Mr Iswaran has also directed CSA to work closely with all 11 keys sectors - energy, water, banking and finance, healthcare, transport, Infocomm, media, security and emergency services and Government - to enhance the security of their critical information infrastructure systems.
The Smart Nation and Digital Government Group has also completed a scan of all government systems and found no evidence of compromise, he said.
There will be a pause in the introduction of new ICT systems in the interim, until their respective reviews have been completed and security posture established, it added.

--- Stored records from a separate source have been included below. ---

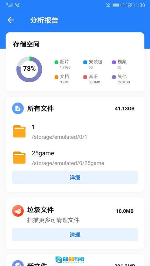 4、下方展示的是手机内存使用情况,用户可在此进行扫描与清理操作。扫描完成后,系统会生成一份详细的分析报告,帮助用户更清晰地了解并管理设备状态。用户还能自主选择不需要的数据进行清理,从而让设备运行更轻松流畅。
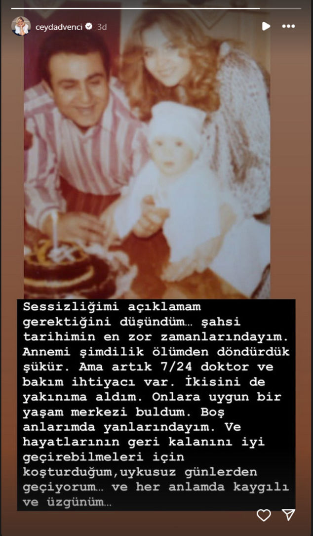 Ceyda Düvenci, şu açıklamayı yaptı: Sessizliğimi açıklamam gerektiğini düşündüm. Şahsi tarihimin en zor zamanlarındayım. Annemi şimdilik ölümden döndürdük şükür. Ama artık 7/24 doktor ve bakım ihtiyacı var. İkisini de yakınıma aldım. Onlara uygun bir yaşam merkezi buldum. Boş anlarımda yanlarındayım. Ve hayatlarının geri kalanını iyi geçirebilmeleri için koşturduğum, uykusuz günlerden geçiyorum. Ve her anlamda kaygılı ve üzgünüm...
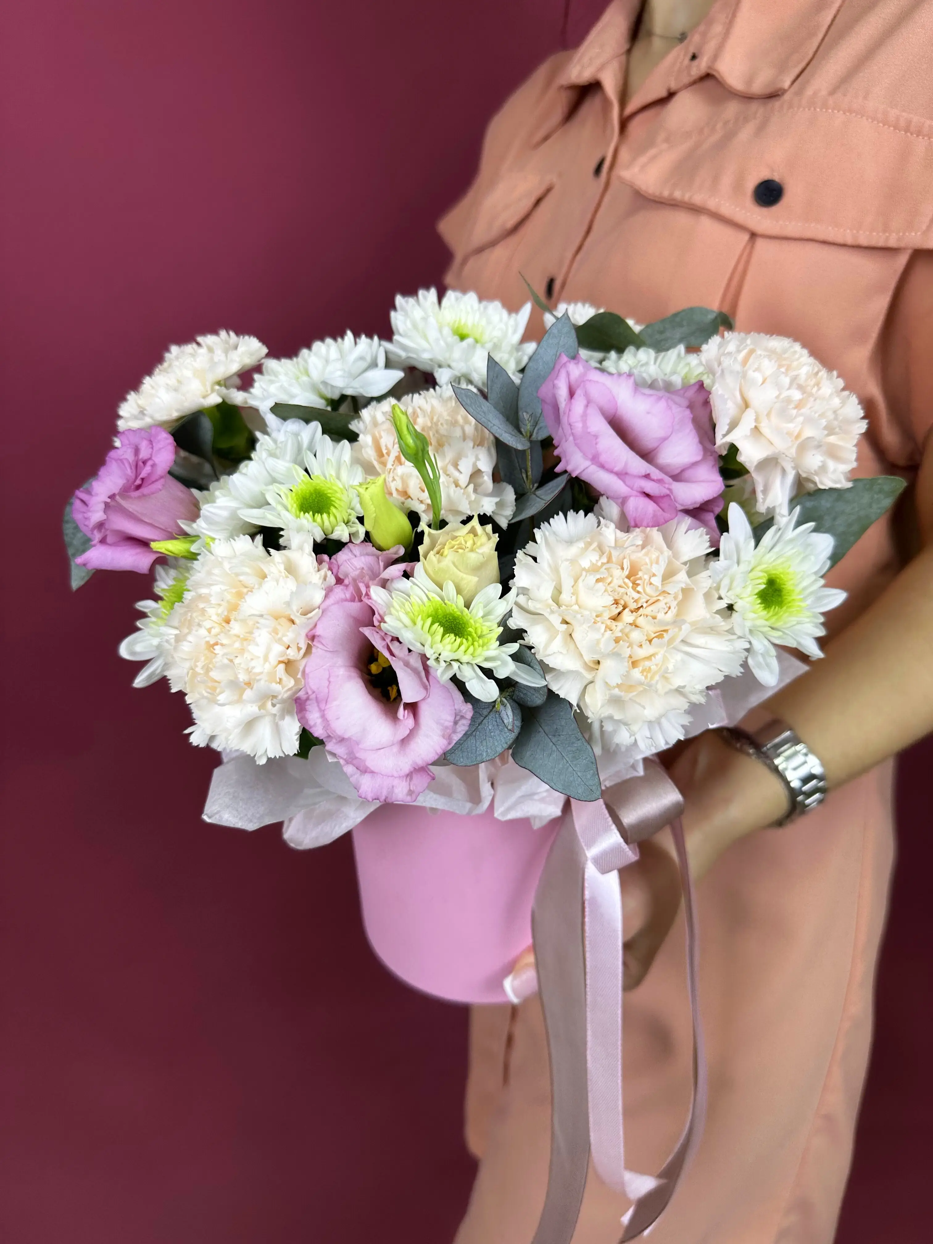Букет живых цветов с гвоздикой и розовой эустомой в нежной шляпной коробке
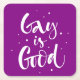 Este trabalho de arte apresenta texto de script com a frase "Gay é bom".
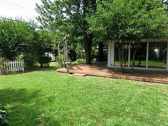 Adorable with totally remodeled kitchen, newer cabinets, counters, fixtures, desk area and builtin microwave, updated windows, 2 living areas, plantation shutters, den with huge windows looking to beautiful backyard, updated hall bathroom, crown molding, all beds with ceiling fans, side entry garage with insulated garage doors, great deck in backyard
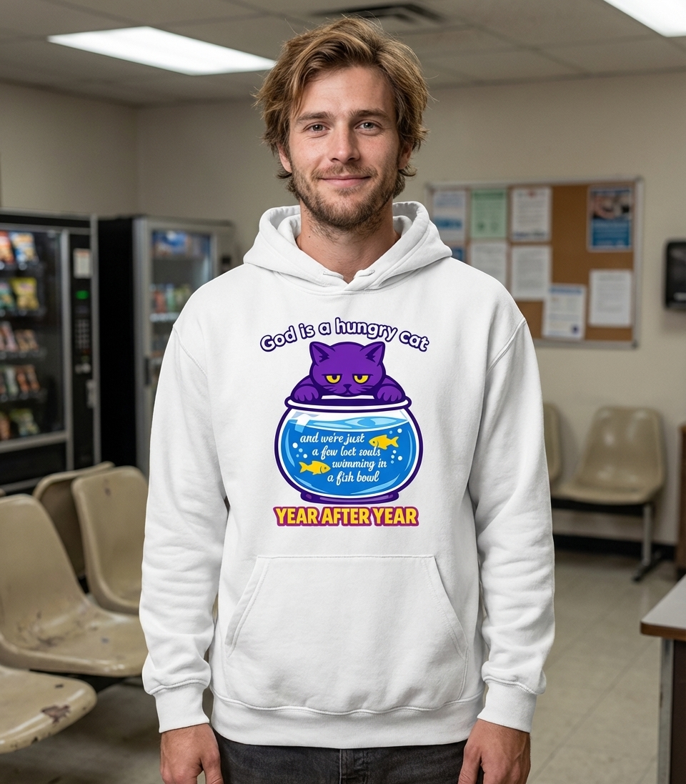 This graphic artwork features a purple cat looking into a fish bowl where two yellow fish, representing 'lost souls,' swim. The design visually represents a metaphorical and cynical view of life under an indifferent, powerful entity, emphasized by the phrase 'YEAR AFTER YEAR'.
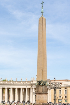 La plaza tiene una forma elíptica y está rodeada por una monumental columnata, compuesta por 284 columnas y 88 pilares, que simbolizan los brazos extendidos de la Iglesia acogiendo a los fieles. En el centro se alza un antiguo obelisco egipcio de 25 metros de altura, traído a Roma por el emperador Calígula en el año 37 d.C. Flanqueando el obelisco hay dos fuentes, una también diseñada por Bernini y otra por Carlo Maderno.
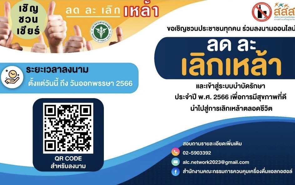 ชื่อเรื่อง : ขอเชิญชวนประชาชนทุกคน ลงนามออนไลน์ ปฏิญาณตนงดเหล้า ลด ละ เลิกเหล้า และเข้าสู่ระบบบำบัดรักษา ประจำปี พ.ศ.2566
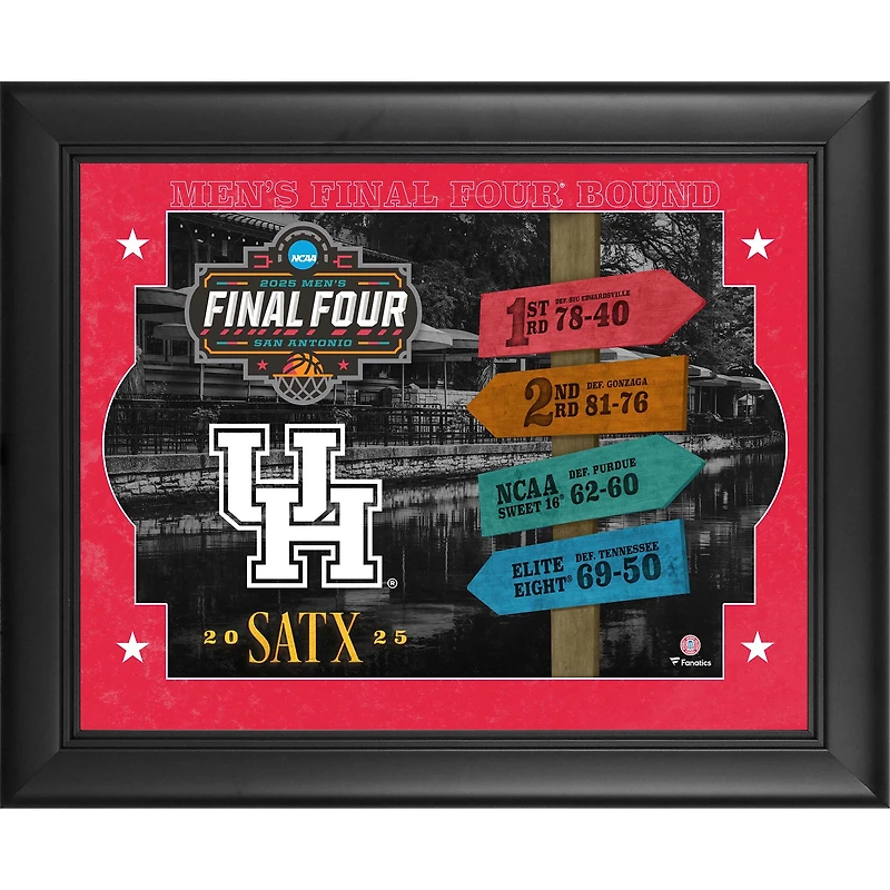 Collage encadré des Cougars de Houston (13" x 16") du tournoi de basketball masculin NCAA 2025, Final Four de March Madness
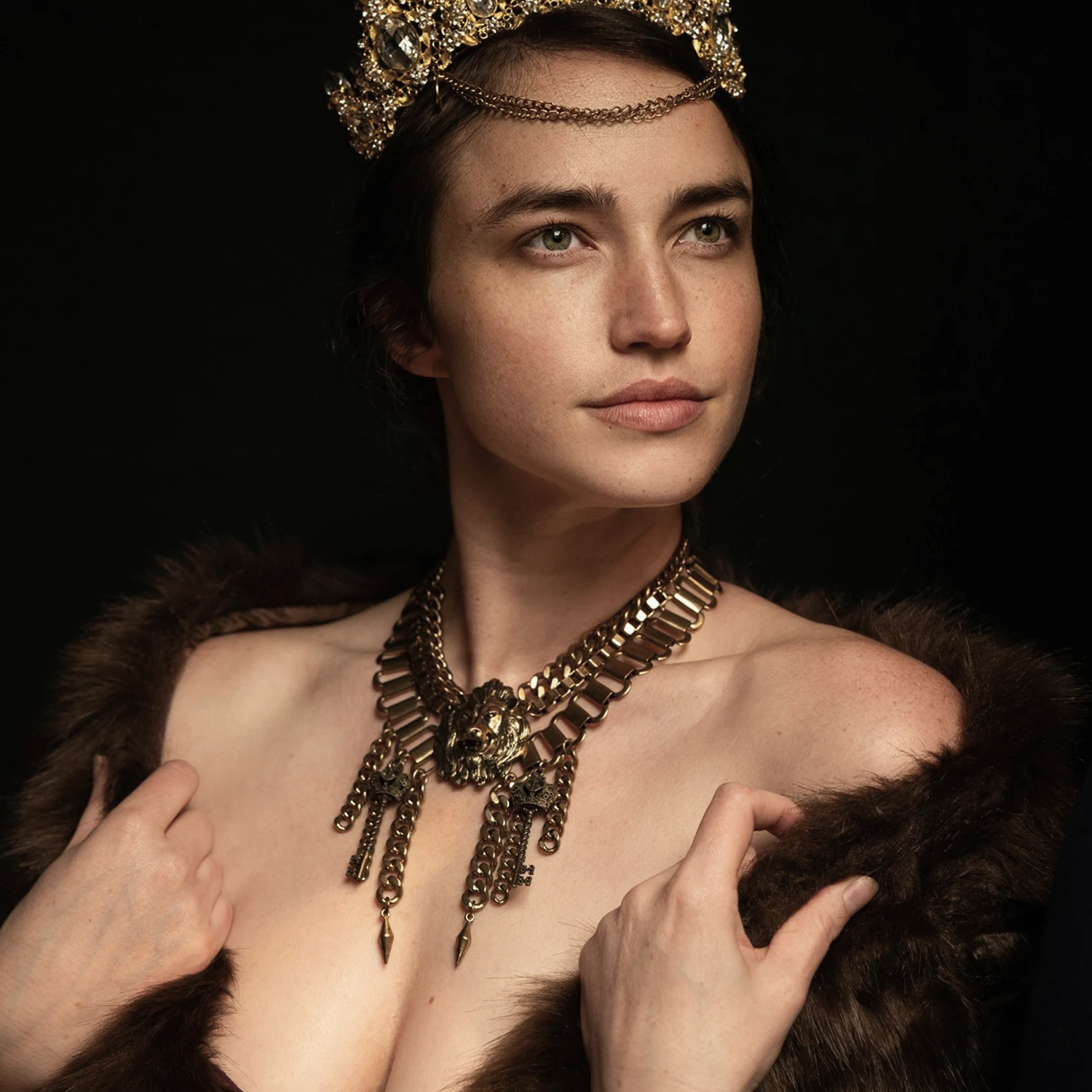 Desert moonlight forged into ancient runes, Silk Road constellations grace your neck. Geometric whispers of mystic realms, molten gold sways like temple bells, awakening civilizations in every gleam.

"We cannot return to the days of paper and pencil but we will take a pause of our various IT-related projects ... to review and strengthen our cybersecurity measures if necessary, before proceeding," Mr Gan said, adding that this includes the National Electronic Health Record project.
There were no further details on which ICT projects will be paused, but these could possibly include SingPass Mobile, Channel NewsAsia understands.
"We will do our utmost to secure our IT systems. However, unfortunately, we cannot completely eliminate the risk of another cybersecurity attack," Mr Iswaran said at the conference. This is due to attackers constantly developing new techniques and probing for fresh weaknesses in IT systems.
"This is an ongoing battle ... however, we must not allow this incident, or any others like it, to derail our plans for a Smart Nation," he added.